Look for the line containing "Nếu kết quả" and the line containing "- Material and" in the entries below. Copy those two and all lines between them exactly, leaving out pictures.

--- The input Enclosed Below ---

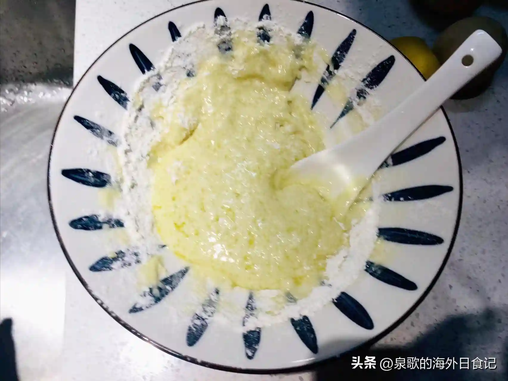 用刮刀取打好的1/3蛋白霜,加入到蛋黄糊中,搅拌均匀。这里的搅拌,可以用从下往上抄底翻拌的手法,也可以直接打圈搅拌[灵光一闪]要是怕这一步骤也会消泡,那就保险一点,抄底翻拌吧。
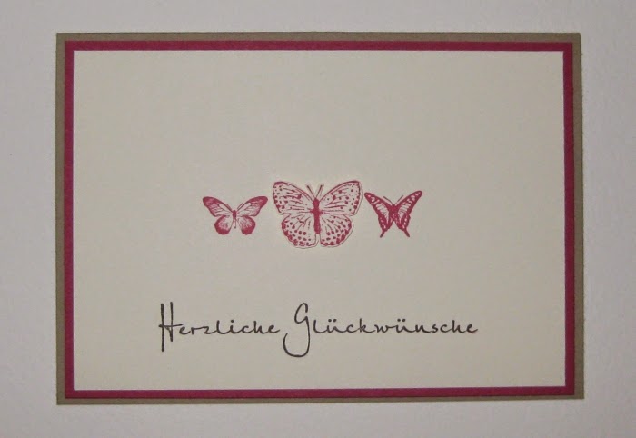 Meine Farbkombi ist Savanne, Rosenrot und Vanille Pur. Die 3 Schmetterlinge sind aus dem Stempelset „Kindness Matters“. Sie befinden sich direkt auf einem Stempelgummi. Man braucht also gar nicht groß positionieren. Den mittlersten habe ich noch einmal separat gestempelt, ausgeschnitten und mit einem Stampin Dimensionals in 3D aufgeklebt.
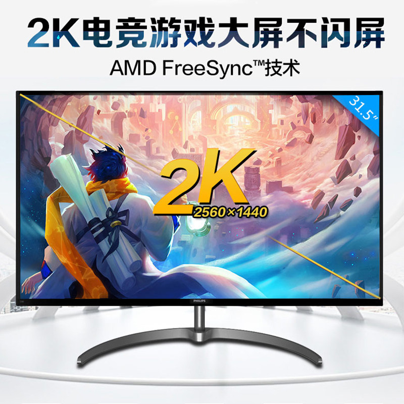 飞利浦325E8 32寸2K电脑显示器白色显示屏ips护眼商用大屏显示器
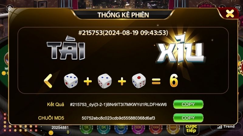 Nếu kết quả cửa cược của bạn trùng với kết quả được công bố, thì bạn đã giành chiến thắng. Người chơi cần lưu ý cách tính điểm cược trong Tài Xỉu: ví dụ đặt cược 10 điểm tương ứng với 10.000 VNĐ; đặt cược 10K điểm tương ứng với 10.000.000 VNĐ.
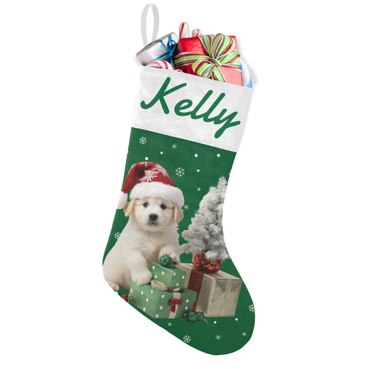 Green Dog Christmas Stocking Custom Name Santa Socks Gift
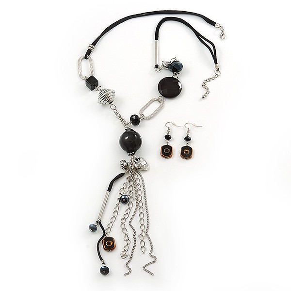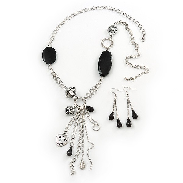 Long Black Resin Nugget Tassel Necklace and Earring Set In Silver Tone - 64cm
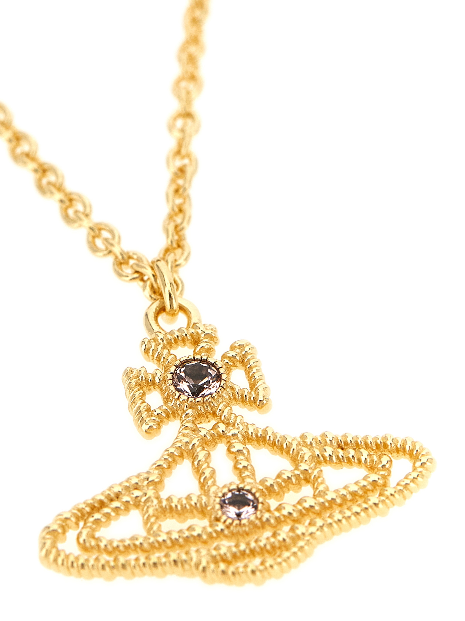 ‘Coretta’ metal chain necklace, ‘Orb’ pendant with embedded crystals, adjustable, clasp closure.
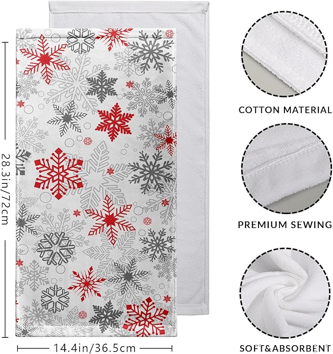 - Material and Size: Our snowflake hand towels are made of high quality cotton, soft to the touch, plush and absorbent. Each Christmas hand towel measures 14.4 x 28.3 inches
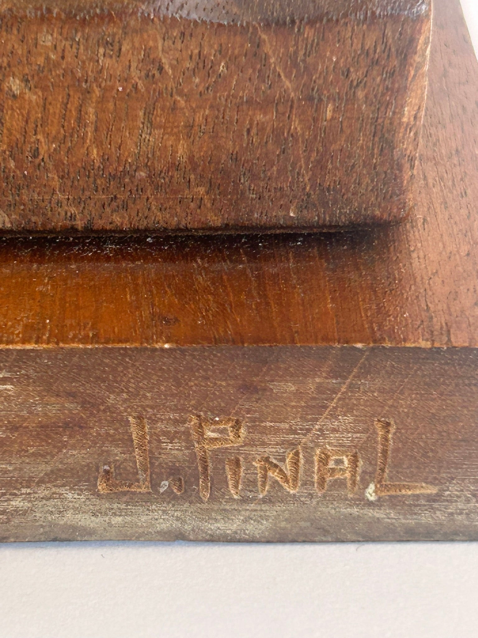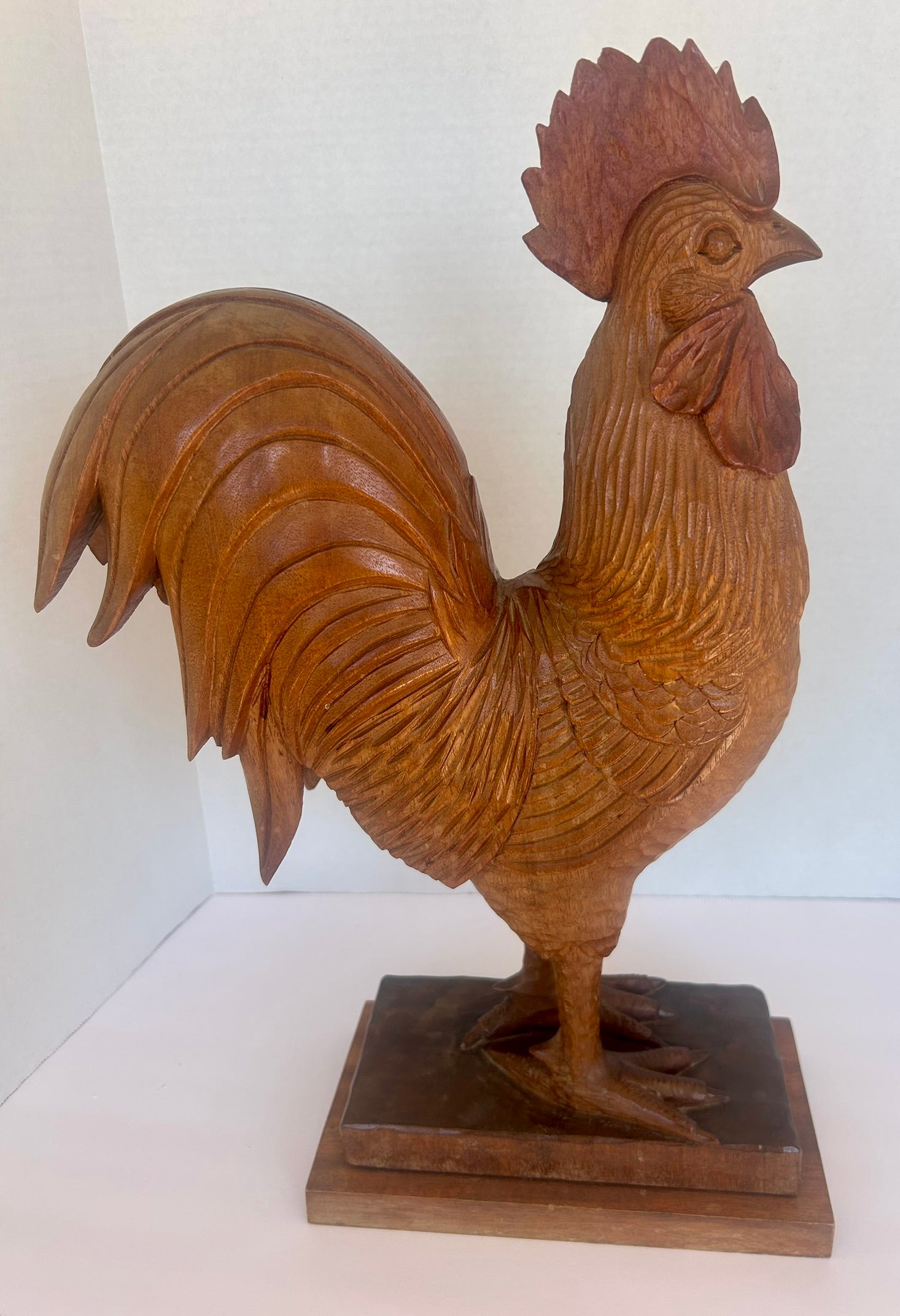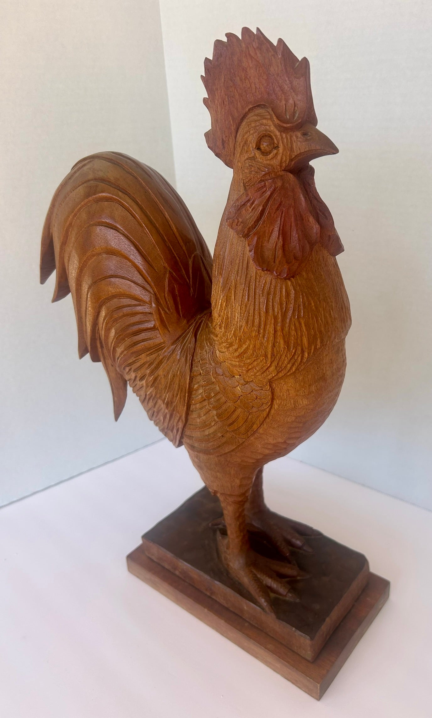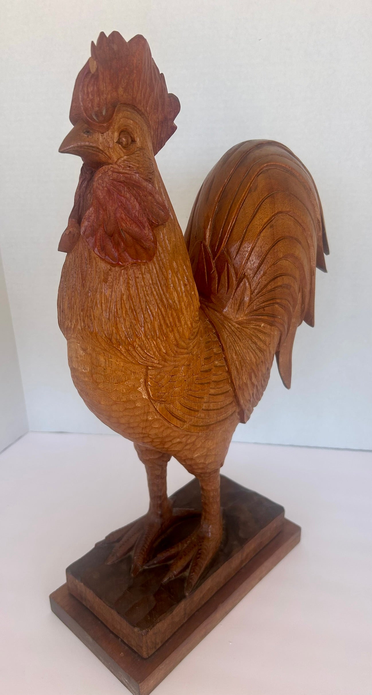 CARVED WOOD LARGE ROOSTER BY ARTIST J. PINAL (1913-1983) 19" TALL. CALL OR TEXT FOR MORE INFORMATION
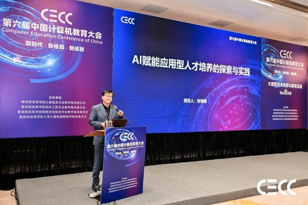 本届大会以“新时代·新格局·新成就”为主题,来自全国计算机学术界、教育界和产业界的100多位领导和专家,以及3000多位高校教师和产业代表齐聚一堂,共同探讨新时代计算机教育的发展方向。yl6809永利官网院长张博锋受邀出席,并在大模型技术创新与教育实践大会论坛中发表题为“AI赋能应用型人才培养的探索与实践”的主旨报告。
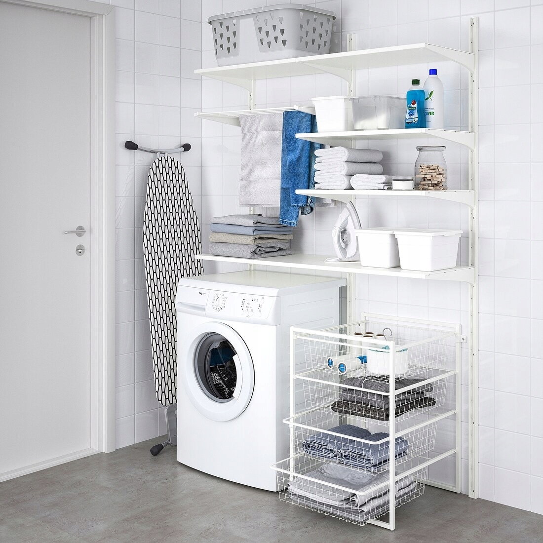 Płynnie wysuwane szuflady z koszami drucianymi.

--- End of Enclosed The input ---

# Response box
 Nếu kết quả cửa cược của bạn trùng với kết quả được công bố, thì bạn đã giành chiến thắng. Người chơi cần lưu ý cách tính điểm cược trong Tài Xỉu: ví dụ đặt cược 10 điểm tương ứng với 10.000 VNĐ; đặt cược 10K điểm tương ứng với 10.000.000 VNĐ.
 Green Dog Christmas Stocking Custom Name Santa Socks Gift
 Long Black Resin Nugget Tassel Necklace and Earring Set In Silver Tone - 64cm
 ‘Coretta’ metal chain necklace, ‘Orb’ pendant with embedded crystals, adjustable, clasp closure.
 - Material and Size: Our snowflake hand towels are made of high quality cotton, soft to the touch, plush and absorbent. Each Christmas hand towel measures 14.4 x 28.3 inches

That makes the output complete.